Furthermore, it should be noted that, in this document, the terms "comprises," "comprising," or any other variation thereof, are intended to cover a non-exclusive inclusion, such that a process, method, article, or system that comprises a list of elements does not include only those elements but may include other elements not expressly listed or inherent to such process, method, article, or system. Without further limitation, an element defined by the phrase "comprising one … …" does not exclude the presence of other like elements in a process, method, article, or system that comprises the element.
The foregoing embodiment numbers of the present invention are merely for the purpose of description, and do not represent the advantages or disadvantages of the embodiments.
From the above description of the embodiments, it will be clear to those skilled in the art that the above-described embodiment method may be implemented by means of software plus a necessary general hardware platform, but of course may also be implemented by means of hardware, but in many cases the former is a preferred embodiment. Based on such understanding, the technical solution of the present invention may be embodied essentially or in a part contributing to the prior art in the form of a software product stored in a storage medium (e.g. Read Only Memory)/RAM, magnetic disk, optical disk) and including several instructions for causing a terminal device (which may be a mobile phone, a computer, a server, or a network device, etc.) to perform the method according to the embodiments of the present invention.
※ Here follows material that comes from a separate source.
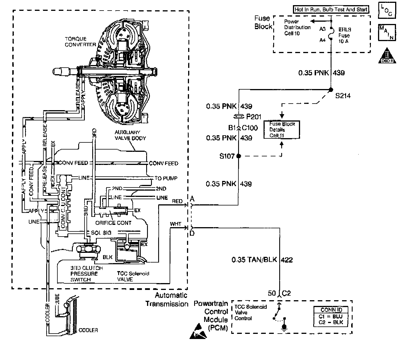 The torque converter clutch solenoid valve (TCC solenoid valve) receives power from the fuse panel on circuit 439. The normally-open 3rd clutch pressure switch interrupts the ground path from the Torque Converter Clutch (TCC) solenoid valve. The powertrain control module (PCM) activates the TCC solenoid valve by grounding the circuit through an internal switch in the PCM. Although the PCM commands the TCC solenoid valve On, the converter clutch does not apply until the 3rd clutch oil (3rd clutch engaged) closes the pressure switch, completing the circuit. Activating the TCC solenoid valve blocks exhaust fluid. This moves the converter clutch control valve to the applied position, and provides fluid pressure to engage the torque converter clutch.

The foregoing description is only of the preferred embodiments of the present invention, and is not intended to limit the scope of the invention, but rather is intended to cover any equivalents of the structures or equivalent processes disclosed herein or in the alternative, which may be employed directly or indirectly in other related arts.
Claims (10)
1. The liquid supply sledge fault analysis method is characterized by comprising the following steps:
performing operation monitoring on each module of the target liquid supply sledge to obtain original monitoring data corresponding to each module;
extracting the characteristics of the original monitoring data to obtain data characteristic values corresponding to the original monitoring data;
comparing each data characteristic value with a monitoring threshold value corresponding to each module;
determining running state information of each module based on the comparison result, and performing fault analysis on the target liquid supply sledge based on the running state information;
and carrying out early warning based on the fault analysis result of the target liquid supply sledge.
2. The fluid supply skid fault analysis method of claim 1, wherein determining operational status information for each of the modules based on the comparison results and performing fault analysis on the target fluid supply skid based on the operational status information comprises:
determining a difference value between the data characteristic value and the monitoring threshold value based on the comparison result;
judging whether the difference value is within a preset error range or not;
if the difference value is not in the preset error range, inputting the difference value into a pre-built operation analysis model to obtain operation state information of each module, and carrying out fault analysis on the target liquid supply sledge based on the operation state information, wherein the operation analysis model is built based on expert data and historical fault data of the target liquid supply sledge;
if the difference value is within a preset error range, determining difference value fluctuation trend information based on the operation monitoring result of the target liquid supply sledge, inputting the difference value fluctuation trend information into the operation analysis model to obtain operation trend information of each module, and performing fault analysis on the target liquid supply sledge based on the operation trend information.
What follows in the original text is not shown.